* Problem to work on *
Copy the records below word for word, from the first line through the line that contains "为丰富女生活动,展现女生魅力", and leave out any pictures.

[Records contained in a dataset]
*-*-*

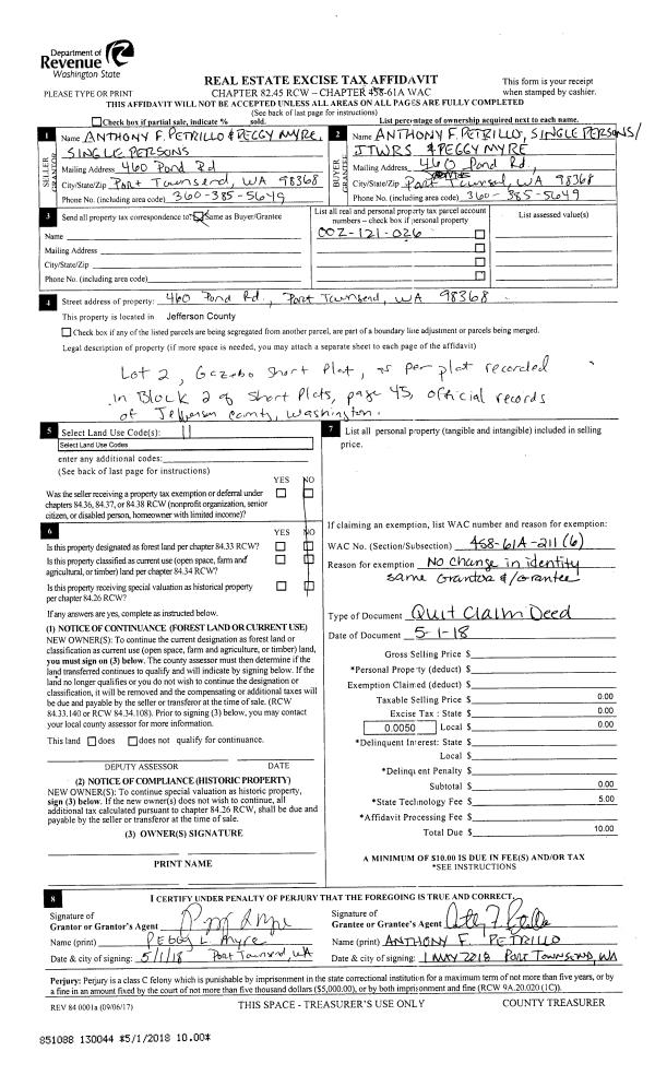 | 1 | 10/31/2018 | SWD | Statutory Warranty Deed | DONALD M IVERSON | ROBERT & JEMALLYN RAMOS | | | $59,000.00 | 131340 | |
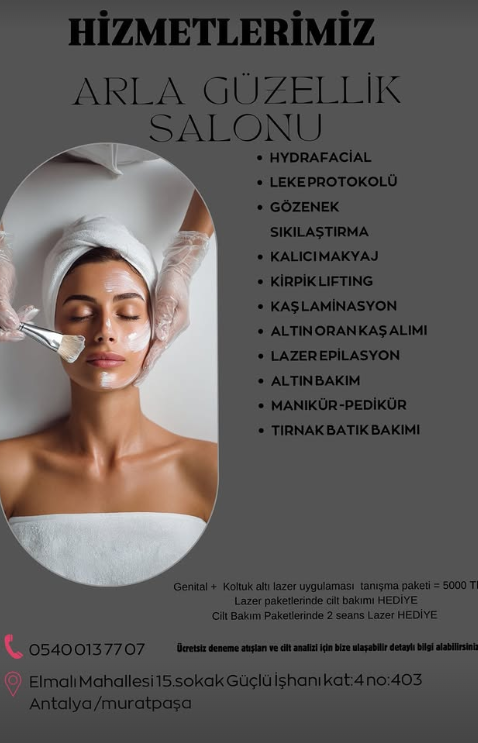 Whatsapp üzerinden ulaşan çok oluyor 0 540 013 77 07 yazan cevap verir adres soran yönlendirir bazen siteye bakıyorlar arlaguzelliksalonu.com.tr ama en doğrusu gelmek çayımız da var sohbet de var Muratpaşa da böyle yerler kalmalı bence
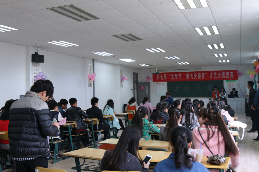 为丰富女生活动,展现女生魅力。2016年3月18日由院团委主办,汽车工程系承办的“女生节,缘飞天使梦”才艺大赛复赛在5403教室成功举办。本次活动邀请了实训中心副主任刘杰、汽车系吴佳佳、姚芳老师担任评委。本次比赛活动氛围浓厚,各系选手们也用精彩的才艺为老师和同学们献上一场文艺盛宴。
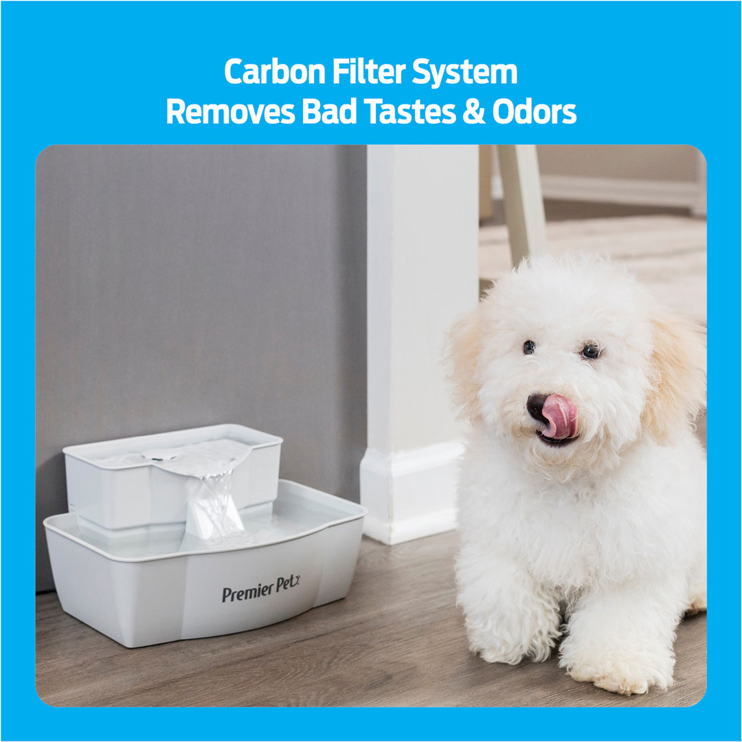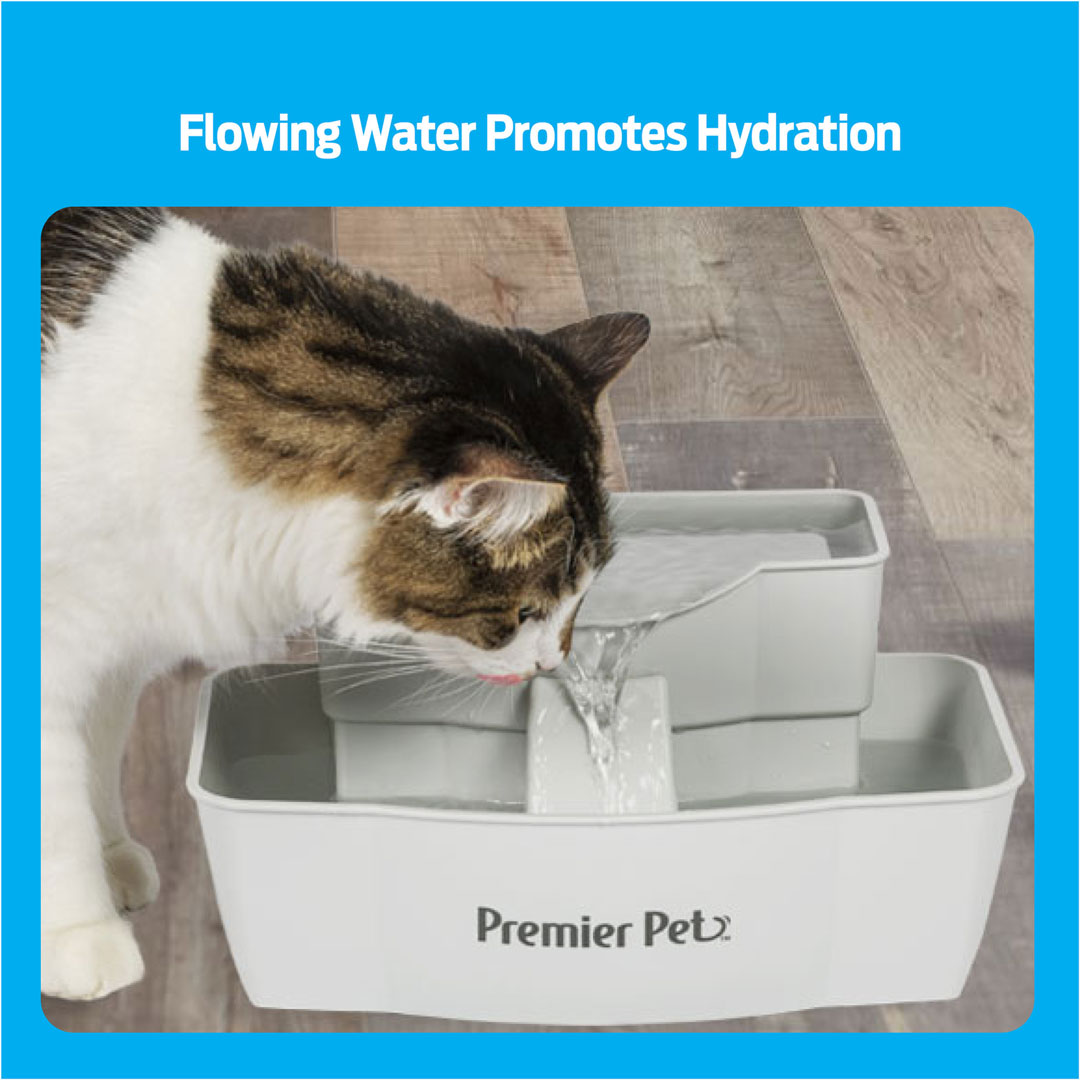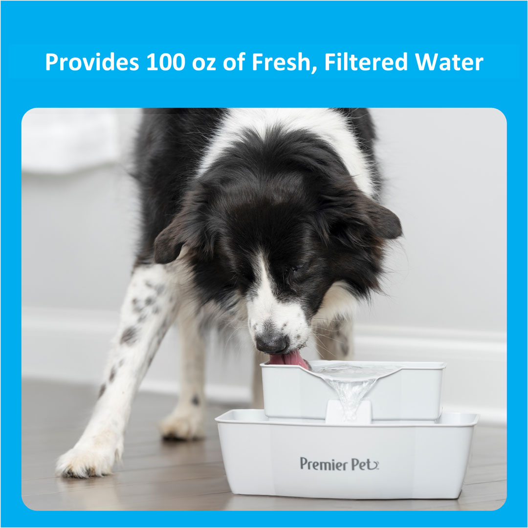 The Premier Pet® 100 oz. Pet Fountain provides your pet with 100 ounces of fresh, filtered water. Featuring a free-falling stream that encourages pets to drink more, therefore supporting urinary and kidney health through proper hydration, and a built-in filter system that includes an activated carbon filter to remove bad tastes and odors. Constant flowing water helps to prevent bacteria growth, keeping the fountain cleaner than a standing water bowl. The large water-holding capacity of up to 100 oz. makes this fountain ideal for cats, dogs of all sizes and multiple pet homes. With multiple drinking options, your pet can choose to drink from the free-falling stream, lower bowl with still water or the elevated bowl, which is great for senior or arthritic pets. The BPA-Free plastic design comes apart to make cleaning easy and is top-shelf dishwasher safe (excluding pump). Give yourself the happier, healthier pet you deserve by giving them the Premier Pet 100 oz. Pet Fountain!
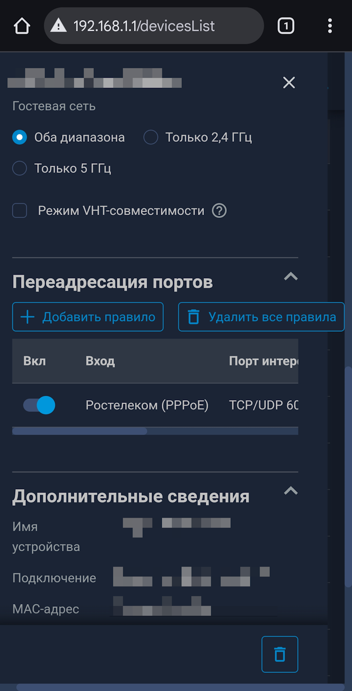 В мобильной версии кнопка "удалить все правила" выходит за пределы окна и создает горизонтальную прокрутку:
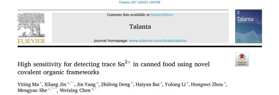 2023年2月15日,2020级硕士研究生马怡婷在《Talanta》(中科院分区化学类1区,TOP期刊)上发表题为“High sensitivity for detection of trace Sn2+ in canned food using novel covalent organic frameworks”的研究论文。该期刊是化学领域国际著名期刊,也是TOP期刊。文章的第一单位是williamhill,第一作者为硕士研究生马怡婷,通讯作者为威廉希尔williamhill陈卫星教授、金洗郎副教授。

*-*-*

* Answer to this task *
 | 1 | 10/31/2018 | SWD | Statutory Warranty Deed | DONALD M IVERSON | ROBERT & JEMALLYN RAMOS | | | $59,000.00 | 131340 | |
 Whatsapp üzerinden ulaşan çok oluyor 0 540 013 77 07 yazan cevap verir adres soran yönlendirir bazen siteye bakıyorlar arlaguzelliksalonu.com.tr ama en doğrusu gelmek çayımız da var sohbet de var Muratpaşa da böyle yerler kalmalı bence
 为丰富女生活动,展现女生魅力。2016年3月18日由院团委主办,汽车工程系承办的“女生节,缘飞天使梦”才艺大赛复赛在5403教室成功举办。本次活动邀请了实训中心副主任刘杰、汽车系吴佳佳、姚芳老师担任评委。本次比赛活动氛围浓厚,各系选手们也用精彩的才艺为老师和同学们献上一场文艺盛宴。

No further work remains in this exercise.